[📝LeetCode #125] Valid Palindrome

#leetcode #java #100daysofcode #string

🎀 The Problem

A phrase is a palindrome if, after converting all uppercase letters into lowercase letters and removing all non-alphanumeric characters, it reads the same forward and backward. Alphanumeric characters include letters and numbers.

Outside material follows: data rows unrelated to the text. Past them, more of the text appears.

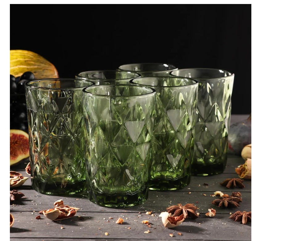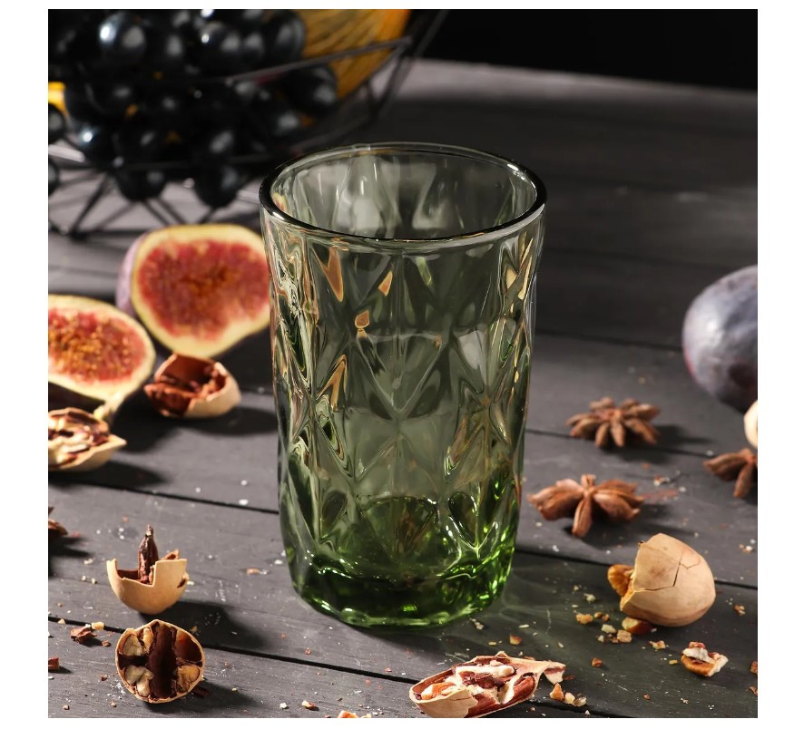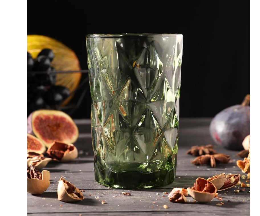 Стаканы из цветного стекла украсят любую кухня. Объем стакана 350 мл.
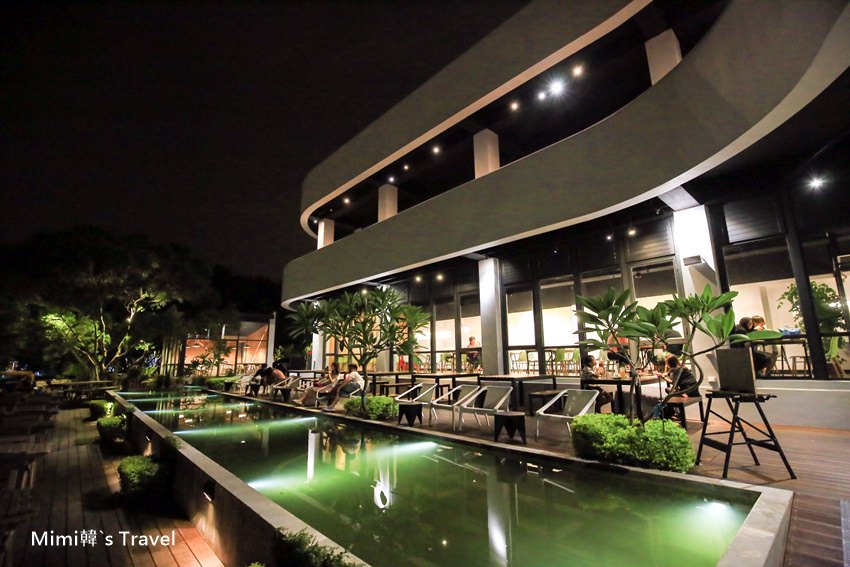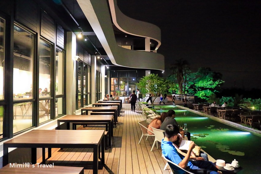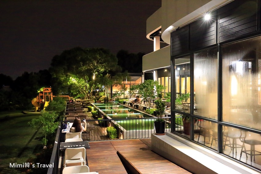 圍繞著水池邊,有四人用的餐桌,池畔也有躺椅&小矮桌,無論是家人朋友聚餐,或是情侶雙雙坐下來看夜景聊天,感覺都是那麼搭調舒服。
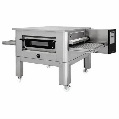 Single-phase conveyor pizza oven operating at 60/50 Hz with 17.4 kW electric power. Dimensions 2070x1320x560mm. Nett weight 284 Kg.
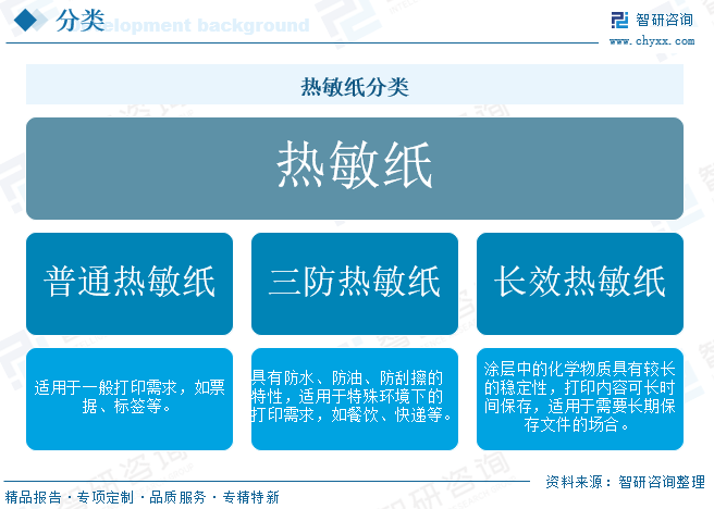 热敏纸又被称为热敏传真纸、热敏记录纸、热敏复印纸,在台湾则叫做感热复写纸。热敏纸是一种加工纸,其制造原理就是在优质的原纸上涂布一层“热敏涂料”(热敏变色层)。当热敏纸接触到热打印头时,涂层中的化学物质会因受热而发生化学反应,从而在纸面上形成所需的文字或图像。根据用途和特性的不同,热敏纸可分为普通热敏纸、三防热敏纸、长效热敏纸。

Given a string s, return true if it is a palindrome, or false otherwise.

Example:

Input: s = "A man, a plan, a canal: Panama"
Output: true
Explanation: "amanaplanacanalpanama" is a palindrome.

👩‍💻 My Answer

class Solution {
    public boolean isPalindrome(String s) {

        s = s.toLowerCase();
        int i = 0;
        int j = s.length() - 1;

        while (i != j && i < s.length()) {

            while (48 > s.charAt(i) || (57 < s.charAt(i) && s.charAt(i) < 97) || s.charAt(i) > 122) {
                i++;

                if (i == s.length())
                    return true;
            }

            while (48 > s.charAt(j) || (57 < s.charAt(j) && s.charAt(j) < 97) || s.charAt(j) > 122) {
                j--;
            }

            if (s.charAt(j) != s.charAt(i))
                return false;

            i++;
            j--;
        }

        return true;
    }
}

Pro & Con

✖️ Runtime & Memory
✖️ Too long
✖️ Bit complicated (Hard to read)

💋 Ideal Answer

Approach

I read the solution post on LeetCode and realized there is a library to check if the char is a letter (Character.isLetterOrDigit())

New Code

class Solution {
    public boolean isPalindrome(String s) {

        s = s.toLowerCase();
        int i = 0;
        int j = s.length() - 1;

        while (i < j) {
            if (!Character.isLetterOrDigit(s.charAt(i))) {
                i++;
            } else if (!Character.isLetterOrDigit(s.charAt(j))) {
                j--;
            } else if (s.charAt(j) != s.charAt(i)) 
                return false;
            else {
                i++;
                j--;
            }
        }
        return true;
    }
}